看到薄笙城懷中的鼓起,白晟了然,“好了好了,沒事了,回去休息吧。”壓低了聲音說道,而後打了個嗬欠,“一宿沒睡,我先去休息了。”
雖然他並非心髒科,但是因為秦清清的原因,還是跟了進去,再者,順便給他檢查一下有沒有壓迫到大腦!
作為一個神經腦科的醫生,白晟也是醉了。
搖搖晃晃的離開之後,秦清清才睜開眼睛,迫不及待的問道,“手術怎麼樣了!”
剛才迷迷糊糊地聽到有人說話,可是醒來的時候,卻隻有薄笙城眼神清明的看著自己,下意識的從他懷中想要出來走向手術室,被薄笙城按住了,“去重症監護室了,你想去看他,也進不去。”
薄笙城根本就沒有問手術如何,不過單看白晟的神色就知道了,估計是沒有什麼問題,至於重症監護室,搞不好是醫生覺得白氏的少東家,才這樣安排的。
“我想去,阿笙,若是他不好好的活著,我這一生都會背負著這種痛苦,你忍心嗎?”秦清清忽然捧起薄笙城的臉,在他發火之前繼續說道,“你知道嗎?若是沒有他就沒有現在的我。”
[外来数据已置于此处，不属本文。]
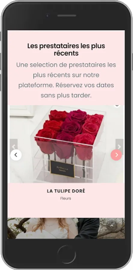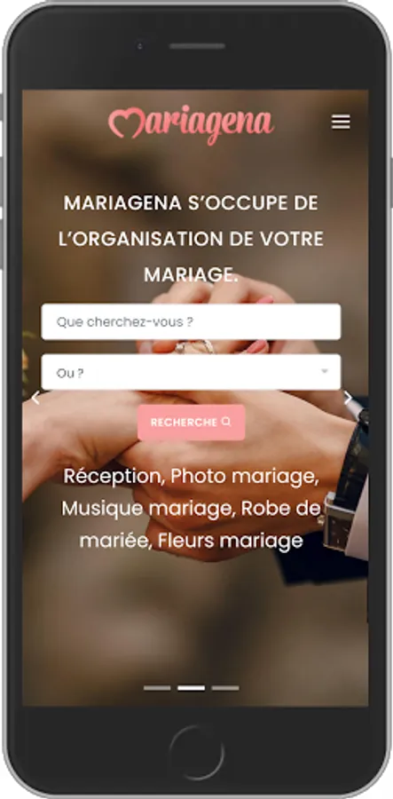 "Mariagena" is the first Algerian wedding organization space that allows you to choose everything according to your budget and this from your living room: your reception room, your photographer, the animation of your wedding ... to your wedding dress .

“我知道,但是我就是不想你的眼中有別的男人,你這裏和這裏隻能有我!”薄笙城修長的手指點著秦清清的心髒和眼睛,他的眸子帶著沉沉的陰鬱,秦清清知道,這是他爆發的前兆,但是……“你怎麼了?”
總覺得他的脾氣最近越來越暴躁了,雖然對著自己還是一片的溫柔笑意融融,但是換成了別人,卻總是讓人摸不透了。
小心的環住他的腰,認真而虔誠,“薄笙城,我隻有你一人就夠了。”
當初,她將他當做全世界,如今,他把她當成全世界,掉了過來,卻改變不了他們之間的牽絆。
無論怎樣的變化,他們之間,總是會有一個人拚命地維係。
輕籲一口氣,薄笙城強迫自己冷靜下來,拍拍她的後背,聲音雖然依舊淡淡但是卻帶著一絲暖意,“好,我帶你去,但是看過之後,你要跟我回去好好休息。”
他現在頭很大,什麼事情都堆在一起了,冷靜自持如他,都有些氣息不穩,明明是他們大喜的日子,晚上還打算去爺爺那裏商量婚禮,中午卻遇到了清清被人傷害,晚上有被白錦臣暈倒嚇到,還真是值得紀念的結婚日。
確實,他估計永遠都忘不了這個日子。
秦清清也知道,自己身上的傷口,還未愈合,所以點點頭,強迫自己睜開沉重的眼皮,“好,我們先去看錦臣,知道他無事之後,就回去好好休息。”